I think we have to be pragmatic and look at the situation in each country on its own merits. Of course, market reforms are necessary, but the way in which the Washington Consensus was applied led to "ulna economía de mercaderes no de mercado" (an economy of merchants, not a market economy).
Take privatization. Paraguay did not have many state-owned enterprises, and yet the few that were privatized were the least relevant and more money-losing ones. We socialized the losses and privatized the gains, and all through a rather corrupt process. We didn't have the regulatory framework in place, nor the capacity to create it. So rather than privatizing, we should have opened up the enterprises to private sector participation.
KI: What are you researching at the moment?
There is a great deal of disenchantment with democracy in Latin America in general. In some countries, that disenchantment is greater than others. Chile, Uruguay, and Costa Rica enjoy a high degree of support, but there are countries that have extremely low levels of support and are extremely dissatisfied, such as Paraguay. People are not happy because the system is not producing results. You have 40 percent of the population living below the poverty line in Paraguay; 60 percent of Bolivia's population lives beneath the poverty line. In general about half the population lives in poverty and there is also a great deal of inequality in the distribution of income. You have economies that don't grow and that don't generate employment, and political parties and movements quite successful in mobilizing electoral support though clientelism but completely insensitive to the real needs and demands of common people. So we have a set of problems in these countries that democracy has not been able to solve and, I am afraid, in some cases has worsened.
We are between a rock and hard place. The rock is the reality we have now, bad, low-quality democracy, and the hard place is the possibility of the emergence of people like Lucio Gutierrez in Ecuador, Lino Oviedo in Paraguay, who are basically populist, militaristic leaders that will lead our countries to regimes with the appearance of democracy but none of its content.
KI: As you look back on your time in politics, what have you learned?
The lesson is that democracy cannot be constructed overnight with only goodwill and good intentions, and even good people. These are countries with a low level of socioeconomic development and large portions of the population in the informal sector. This results in a socioeconomic matrix detrimental to the emergence of collective actors that fosters the development of clientelistic politics and patronage.

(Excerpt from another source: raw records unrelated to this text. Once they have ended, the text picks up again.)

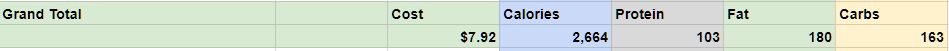 Although it took me quite a few hours to collect all this data on what I eat and add it up in a spreadsheet, the results have been quite interesting because I had never done it before. With just the stuff described above, I arrived at this point: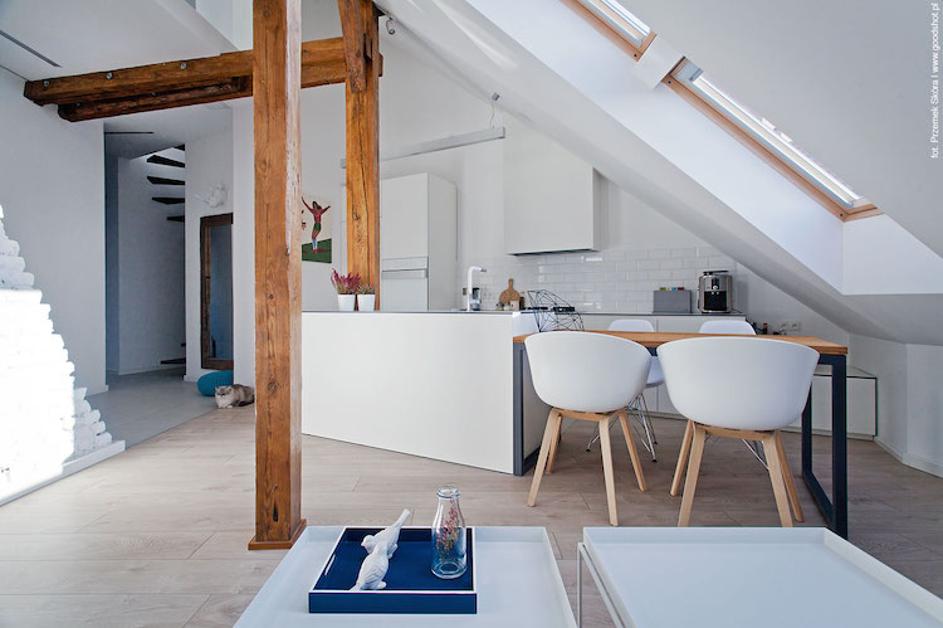 Svetlo podstrešno stanovanje na Poljskem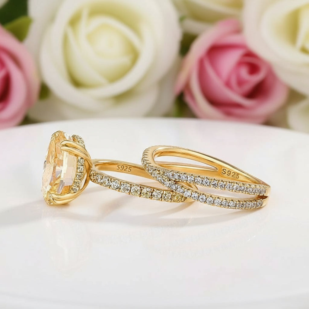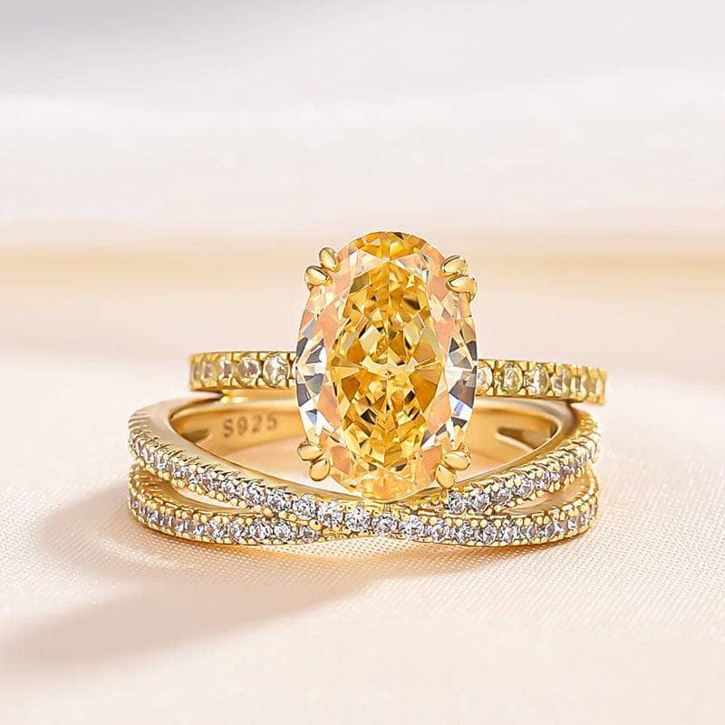 Exquisite Yellow Gold Oval Cut Yellow Sapphire Ring Set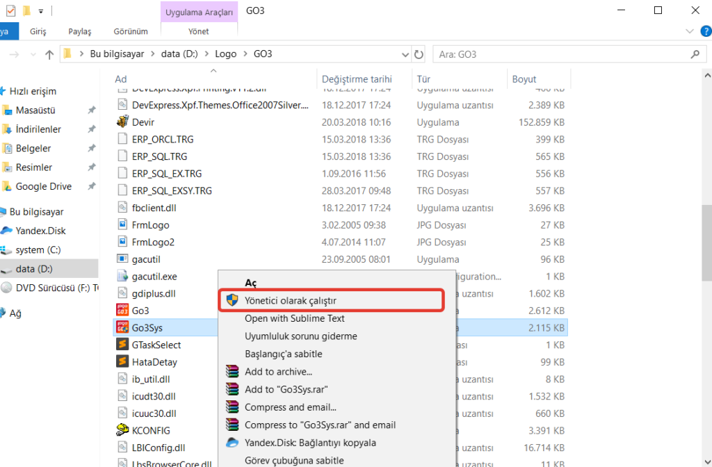 Dikkat edilmesi gereken önemli bir konu, eğer hata verir ve açılmazsa, ilgili uygulama üzerinde sağ tuş yapıp YÖNETİCİ OLARAK ÇALIŞTIR seçeneği ile açmalısınız.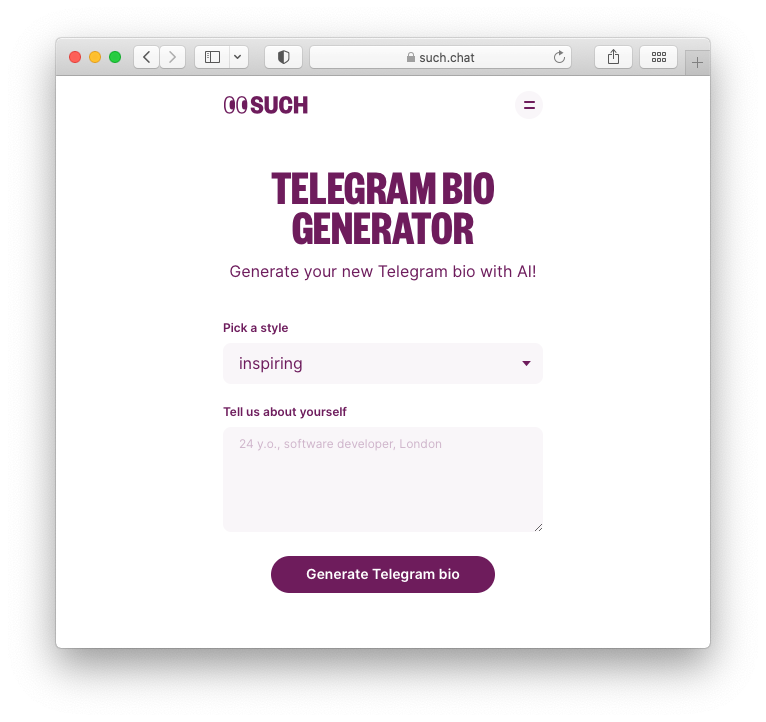 Create a standout Telegram bio effortlessly with SUCH's AI-powered Bio Generator—funny, professional, or stylish bios in seconds!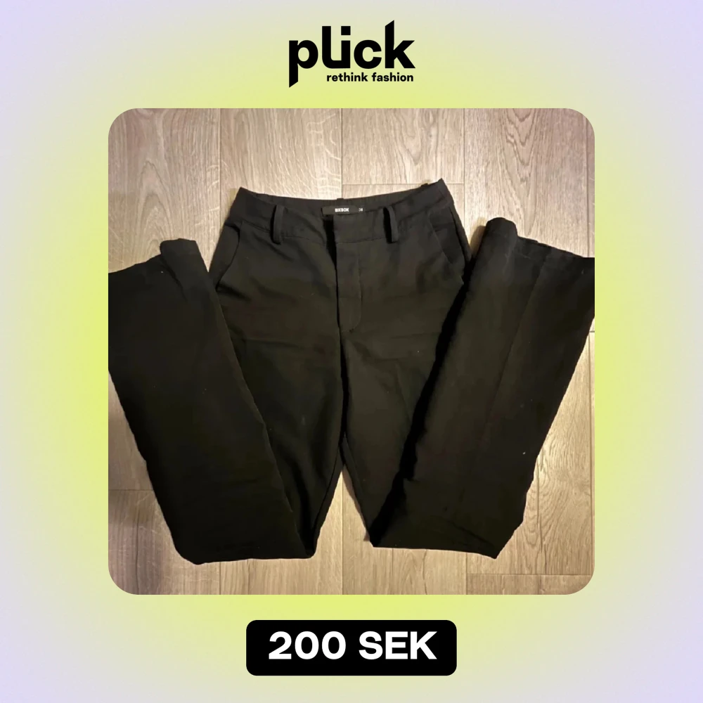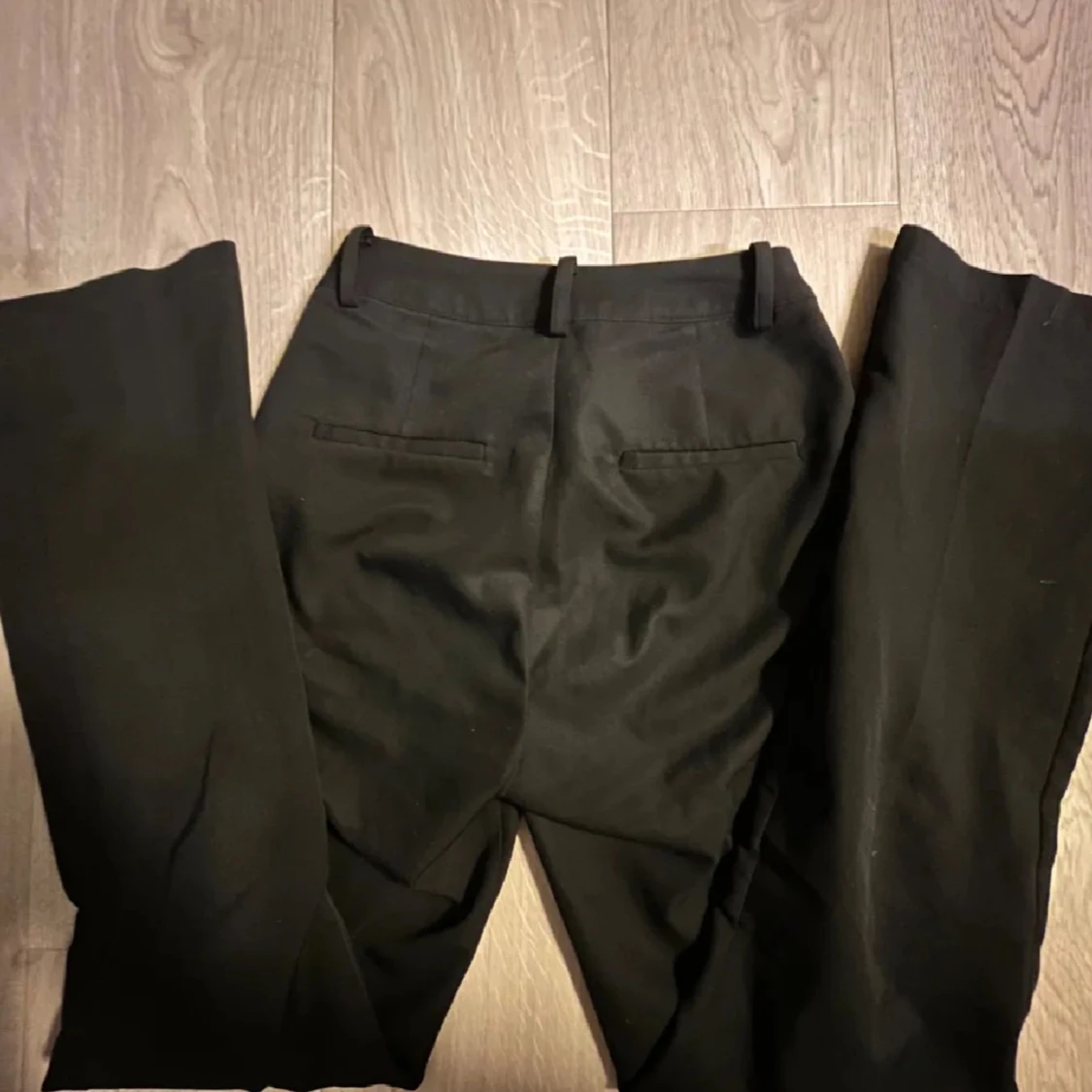 Säljer ett par kostymbyxor med diskreta fickor, då de har blivit för korta. Bra skick på byxorna inga typer av fläckar på de. Byxorna är i storlek 34. Nypris är 499 men säljer för endast 200 pris kan även diskuteras lite grann.

Not surprisingly, a party system like the Paraguayan one is thoroughly clientelistic, with strong roots in the countryside and a strong organization. The peculiarity of the Paraguayan case is the main legacy of the Stroessner regime: an extremely strong system of ruling party-administered and state-delivered clientelism. That is the main force against change.
How do you change a society like that? Change will come eventually, but we need a dose of patience. We have more than 50 percent of the population in rural areas and a very small middle class and working class, and we don't have the social actors that will press for the development of a quality democracy.
There is a phrase that [Simon] Bolívar coined at the end of his life, "I have plowed in the sea." often one is tempted to share that view. And yet we must be reminded that, as [Max] Weber put it, "Politics is a strong and hard boring of hard boards. It takes both passion and perspective...Men must arm themselves with steadfastness of heart to brave even the crumbling of all hopes. This is necessary right now or else men will not be able to attain even that which is possible today."